In my recorded Tivo Suggestions, I often get shows I've seen and liked and which I don't want to see again (I didn't like them that much).

A couple of wishes/suggestions:

If a Season Pass option is set for First-run only, don't record that show as a "suggestion" (whether shown on the same channel or another channel). 

Give me the option of giving shows or movies thumbs up but also indicating I'm not interested in seeing that show any more. This way, I can let the system know I like this type of show but don't record that show, find something else like it (I haven't rated). 
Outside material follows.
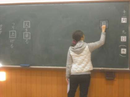 12月9日(水)1年1組の国語で,新出漢字の学習をしました。今日は,「目」の学習をしました。みんなで指さして,書き順をしっかりと覚えました。
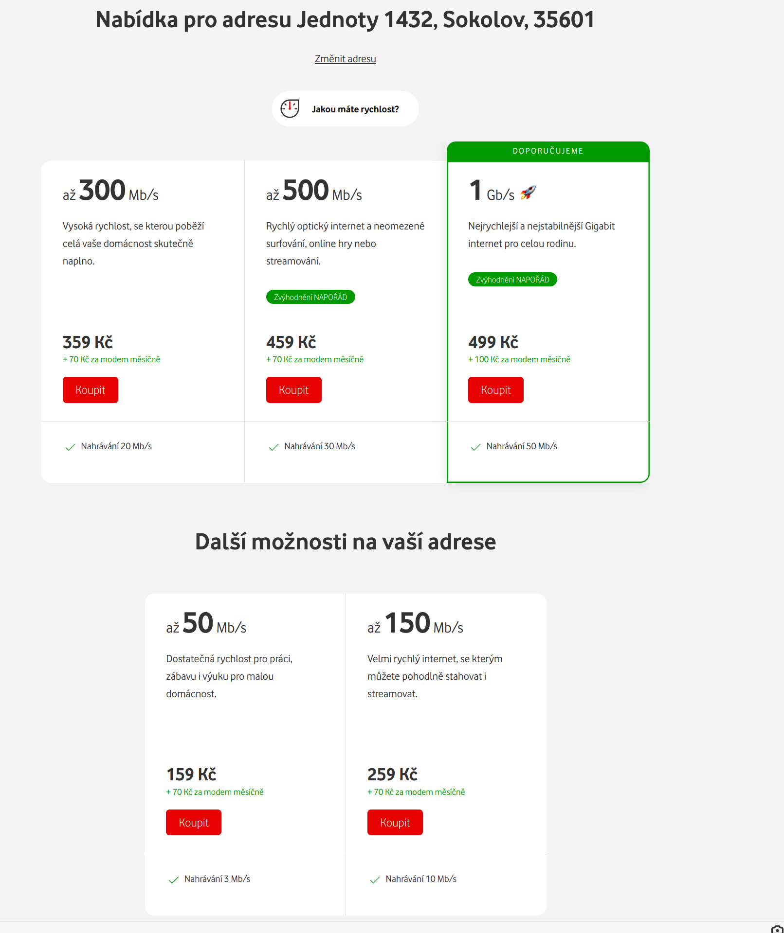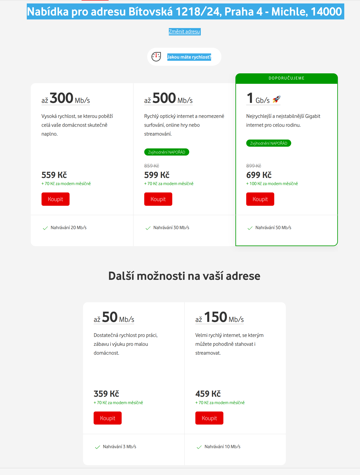 V tom případě asi má UPC dost slabé informace o konkurenci. My v domě máme možnost optických přípojek, ale žádné slevy tu Vodafone nenabízí. Já ten svůj levný tarif tehdy získal, protože se mi povedlo přesvědčit Vodafone, že bydlím v Ostravě. Lépe řečeno jsem tehdy nějak obešel geolokaci, vyplnil žádost o internet od UPC s pražskou adresou na nějaký web se speciální nabídkou pro Ostravu, a i když se nejdříve cukali, že to je jen pro Ostravu, když jsem si zřízení služby začal rozmýšlet, nakonec mi to dali.

Some shows just don't hold up for repeat viewing (like ER, for instance). And some I've seen enough of (at least for now). Let me stop Tivo from recording those shows (again and again), short of giving it "thumbs down" (which really does not reflect how I felt about the show).


----------



## daveak (Mar 23, 2009)

I like it it, good suggestion. :up:

Now that you have a thumbs up and you know I like it, I guess you can just keep suggesting it over and over again... 



Emacee said:


> In my recorded Tivo Suggestions, I often get shows I've seen and liked and which I don't want to see again (I didn't like them that much).
> 
> A couple of wishes/suggestions:
> 
> ...


----------



## kika2000 (Apr 20, 2009)

I'd like to add - "I really like it, as a matter of fact I have a wishlist set up to record it", so please don't 'suggest' it to me.

I have a catch-all wishlist for 'cycling' set up and I often end up with the same recorded events listed in both my cycling wishlist and Tivo suggestions. Between that and the endless episodes of the same three series recording over and over again, I wish there was a way to tell Tivo to suggest something new.


----------



## megory (Jan 23, 2003)

I agree. It's annoying to see most of my SPs showing up in Suggestions just because there's a thumbs up! Duh.


----------



## mcmnky (Nov 20, 2008)

Emacee said:


> If a Season Pass option is set for First-run only, don't record that show as a "suggestion" (whether shown on the same channel or another channel).


OMFG, so much this.

Since the default state for season passes is to record new and re-run showings, a first-run only season pass means the tivo has been explicitly programmed not to save re-runs of a show.

A season pass for Law & Order basically renders the Suggestion feature useless--unless you have a very large hard drive or just want to see re-runs of Law & Order.


----------